The objective of this post is to describe two possible procedures teachers can use for ongoing, day-to-day formative assessment. The first of these procedures is easier to implement, but gives teachers less information on what students understand. Remember that a primary objective of formative assessment is to create a feedback loop for both teachers and students into the teaching and learning process.

**Example 1**

At the end of your last class you gave an exit slip. One strategy, which is not too time-consuming, is to take the exit slip and first sort it into No/Yes piles, and then sort these piles into 3-4 solution pathway piles, essentially organizing all of the student work by whether or not it is correct and what strategy students used. It may be useful to have an other group, with students whose strategy which are unable to decode.

These groups of student can be used to decide on student groups (recommendation: group by different strategy) for the following day, decide if you need to try a different strategy for tomorrow, and/or find examples of student work to present to students. It can also be used to decide on re-engagement strategies^{1} for the lesson from the previous day, or just decide that you can move onto the next topic in your unit sequence.

**Example 2**

An exit slip is not the only kind of formative assessment you can do^{2}. The most important feature of formative assessment is coming to understand what students are thinking. You can do this by conferring^{3} with individual students during your lesson and asking them questions to elicit their thinking. Of course, this assumes you have given students an assignment which requires them to think!

Imagine students are working on a rich math task^{4} and that you start by initially observing students and see if they are able to get started on the task without your intervention. As the students begin to work, you begin walking around the classroom, and observing them working, and listening to their discussions about the task. Your objective at this time is to gather evidence of what students are thinking about while they do the task.

The three main problems you may have to solve during this time are; students who are unable to get started on their own, students who are going in the completely wrong direction on the task, and students who have completed the task. One of the early tasks during your observation of students working is to figure out which students are in which group. Note that there is a fourth group; students who are not done the task, who may be struggling a little bit, but are making progress. Do not intervene with this group of students!

When you are confused about what students are talking about, or what they are writing, you spend some time clarifying your understanding of what they are thinking, so that you feel completely clear. Now, you choose an intervention^{5} for the student, such that the student is left to do the mathematical thinking of the task, and you do not lower the cognitive demand of the task. During the entire time students are working on the task, you collect information^{6} on what the students do during the task.

In the next post in this series, I will discuss more of the overall objectives of formative assessment, and discuss how the feedback loops created by the process of formative assessment can improve the effectiveness of teaching and learning in classrooms.

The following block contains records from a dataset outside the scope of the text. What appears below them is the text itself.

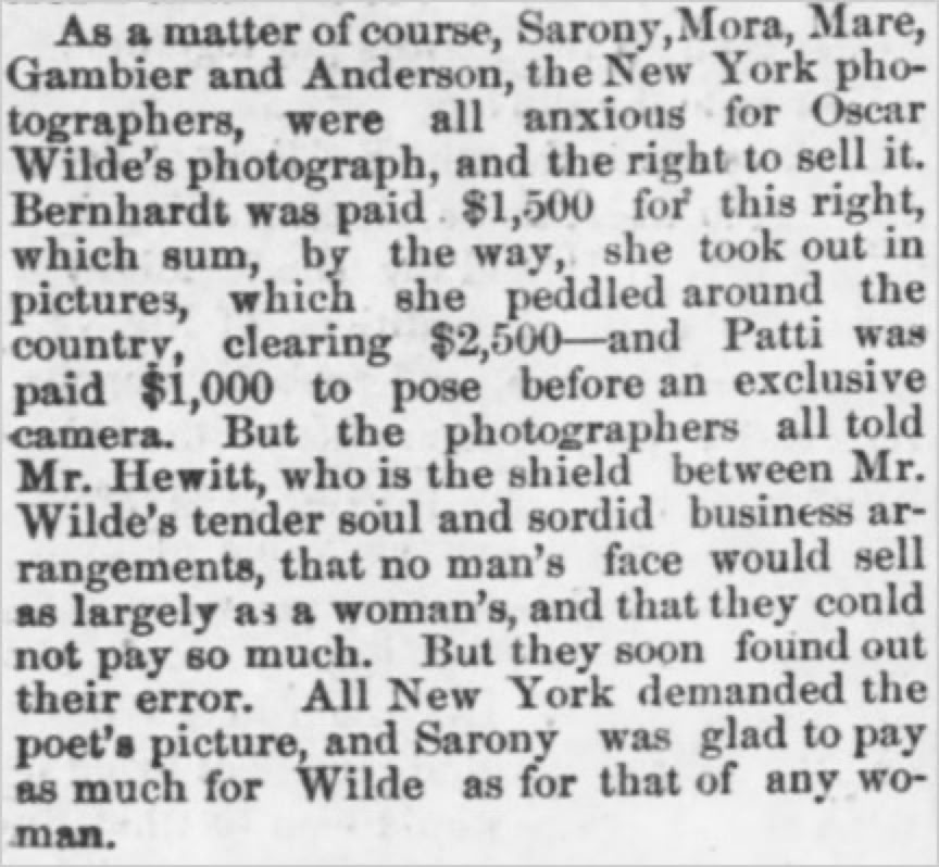 ‍This is a common misconception, probably beginning with Lewis & Smith. Much evidence exists about the nature of Wilde’s remuneration, including Sarony’s own acknowledgment in interview, and his testimony in court (in connection with his Copyright Infringement Case) attesting to the fact that Wilde was paid, probably a lump-sum plus payment in kind via the sale of photographs.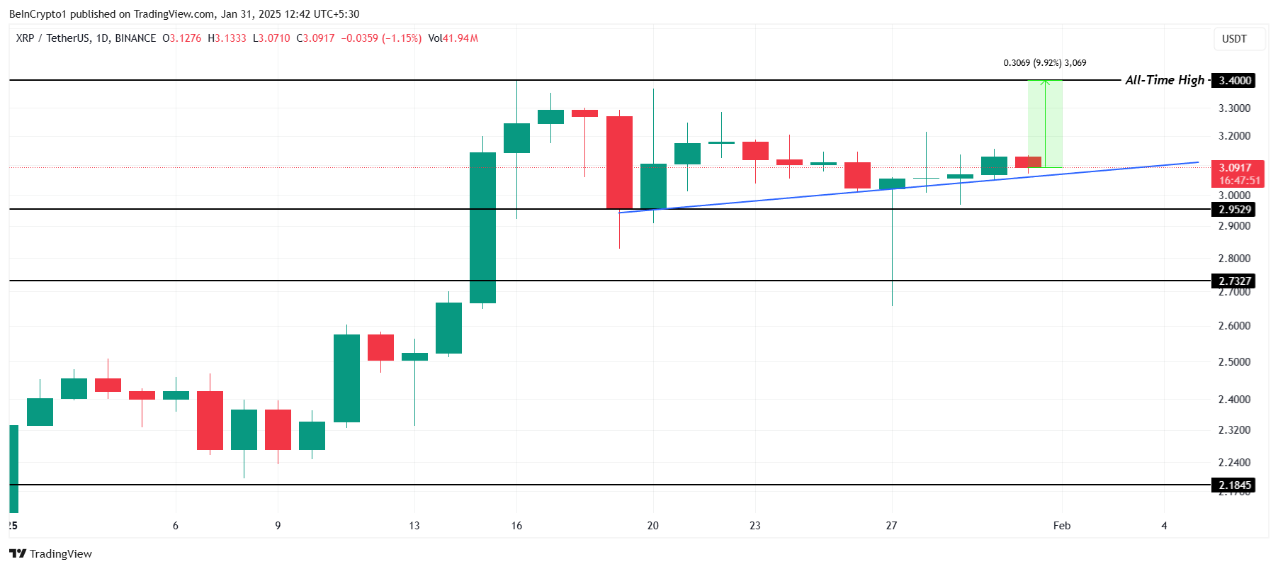 XRP ervaart momenteel een micro opwaartse trend na een herstel vanaf het $2,95 steunniveau. Hoewel de altcoin kort onder dit niveau viel tijdens een intra-day low, herstelde het snel en bleef boven de trendlijn. Dit versterkte het bullish momentum.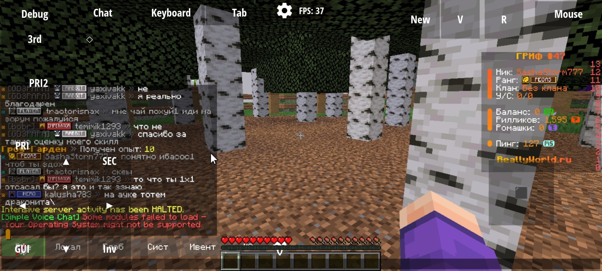 3. 1:Ваш ник: SashaStorm777 2:Ник нарушителя: tractorisnax 3:Дата нарушения: 5 апреля 4:Суть нарушения: афк бегает и ломает деревья на варп лесе 5:На каком гриферском режиме было нарушение 67 гриф. 6:Дополнительный комментарий: Я пишу ему- Что ты делаешь? Это же запрещено! А он мне отвечает- Мне пох иди на форум жалуйся. Я просто уже часа 3 там челов оттягиваю удочкой от туда а их все только больше и больше, думаю вы меня понимаете. Спасибо (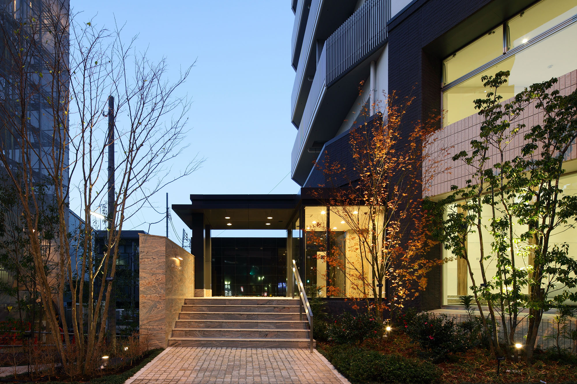 利便性に優れた立地を象徴するような、都会的なイメージを持つシンメトリーでシンプルなフォルムを追求。白系を基調としながら、基壇部では黒系のタイルが重厚感を演出しています。また、コーナー部には、大きなビューウィンドウを設けることにより、圧迫感の軽減された外観を創出。鹿島建設の設計・施工による、信頼の制震構造を採用したタワーマンションです。

1. Re-engagement is an alternative to reviewing material with students. It can be done during any time the unit when you want to consolidate student understand.

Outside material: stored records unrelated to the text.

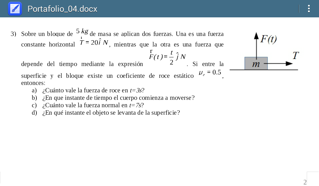 Para t=3, simplemente sustituye t por 3... El bloque empezará a moverse cuando T>Fr... 20> 0,5. (t/2-5.g)... Resuelve esa inecuacion y sabrás el instante a partir del cual empiza a moverse...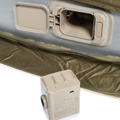 A built-in electric pump allows automatic inflation and deflation with one-button control. The system quickly inflates the mattress and fully removes air when deflating, eliminating the need for manual effort. Once packed, it folds compactly and fits into the included carry bag.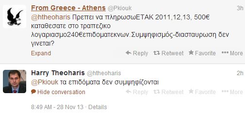 Απαντώντας μέσω twitter σε πολίτη που είχε οφειλές προς την εφορία ύψους 500 ευρώ και ο οποίος έλαβε στον τραπεζικό του λογαριασμό επίδομα τέκνων 240 ευρώ ο Γενικός Γραμματέας Δημοσίων Εσόδων ξεκαθάρισε πως δεν γίνεται συμψηφισμός φορολογικών υποχρεώσεων με επιδόματα. «Τα επιδόματα δεν συμψηφίζονται», ξεκαθάρισε ο κ. Θεοχάρης.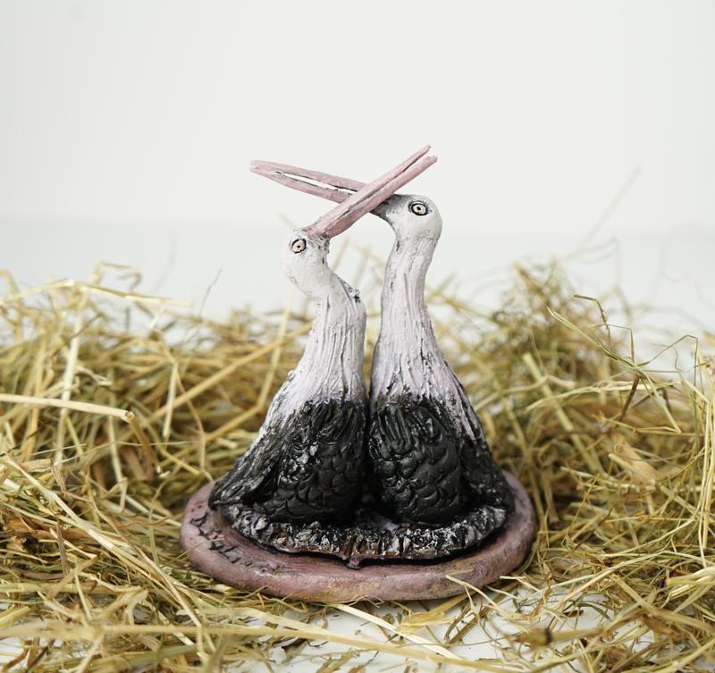 Авторская керамическая Статуэтка аисты ручной работы (12x10см) Пара птиц cимволизируют любовь и верность, крепкие партнерские или супружеские отношения. Такие сувениры в подарок дарят с пожеланиями активизации романтических отношений, гармонии в семейной жизни, долгосрочных партнерских отношений. Очень хороший подарок на день влюбленных, свадьбу, юбилей или годовщину свадьбы. Товар под заказ

2. For other examples of formative assessment, see this presentation that I curated. It has 54 different possible formative assessment strategies in it, some of which are more appropriate for a class focused on literacy skills, and some of which are useful for a mathematics classroom.

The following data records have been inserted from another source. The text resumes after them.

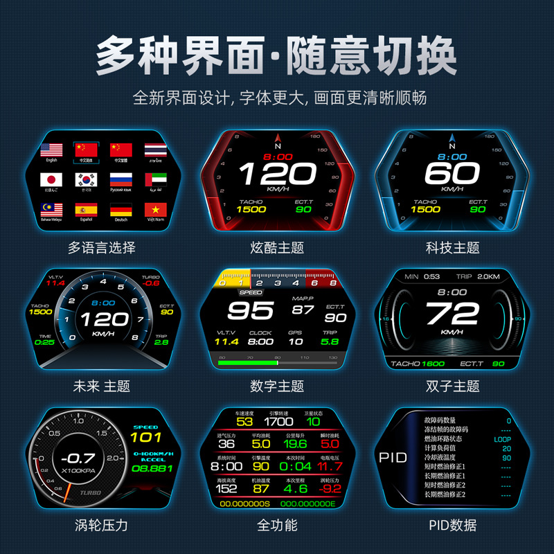 唯颖智能P17液晶显示屏obd2汽车电脑检测仪车载hud抬头显示器厂家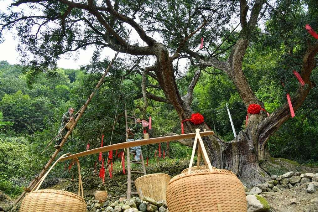 柯橋區(qū)稽東鎮(zhèn)古香榧樹在保護(hù)中煥發(fā)生機(jī),成為當(dāng)?shù)乩习傩盏摹爸赂粯洹?。(柯橋區(qū)委宣傳部供圖)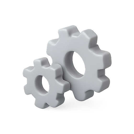 Simple and modern graphic featuring two stylized gray gear icons, suitable for technology or industrial themes. Ideal for use in digital interfaces and presentations.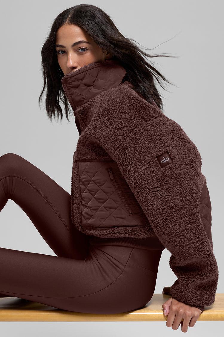 Done in sherpa with quilted patches at the pockets, elbows and back, this bomber jacket is, well, the bomb. We love the boxy, slightly cropped silhouette and the ribbing at the cuffs and hem— it makes the fit even cozier. Throw it on over a matching set en route to your workout, zip it all the way up, show off the sherpa-lined collar.

3. **This document** describes the process of conferring.

4. A rich math task allows for students to demonstrate mathematical reasoning, is often open-ended, and allows for multiple solution paths. These kinds of tasks generally take students some time to complete.

5. The intervention you choose should not lower the demands of the task you have set the student. You could ask them a question to prompt their thinking, or suggest a way they can interact with one of their peers (do not assume your students know how to collaborate, they may need a prompt to help them orient to each other's work and thinking).

6. It is useful to have anticipated student responses before the task, and solved the task yourself a couple of different ways. Finally, having a template to collect information during the lesson would be critical. Here are two such template designed by my colleague Sara Toguchi: **Descriptive information**, **Specific criteria information**

Newsletter:

David is a Formative Assessment Specialist for Mathematics at **New Visions for Public Schools** in NYC. He has been teaching since 2002, and has worked in Brooklyn, London, Bangkok, and Vancouver before moving back to the United States. He has his **Masters degree in Educational Technology from UBC**, and is the **co-author of a mathematics textbook**. He has been published in **ISTE's Leading and Learning**, **Educational Technology Solutions**, **The Software Developers Journal**, **The Bangkok Post** and **Edutopia**. He blogs with the **Cooperative Catalyst**, and is the **Assessment group facilitator for Edutopia**. He has also helped organize the first **Edcamp in Canada**, and **TEDxKIDS@BC**.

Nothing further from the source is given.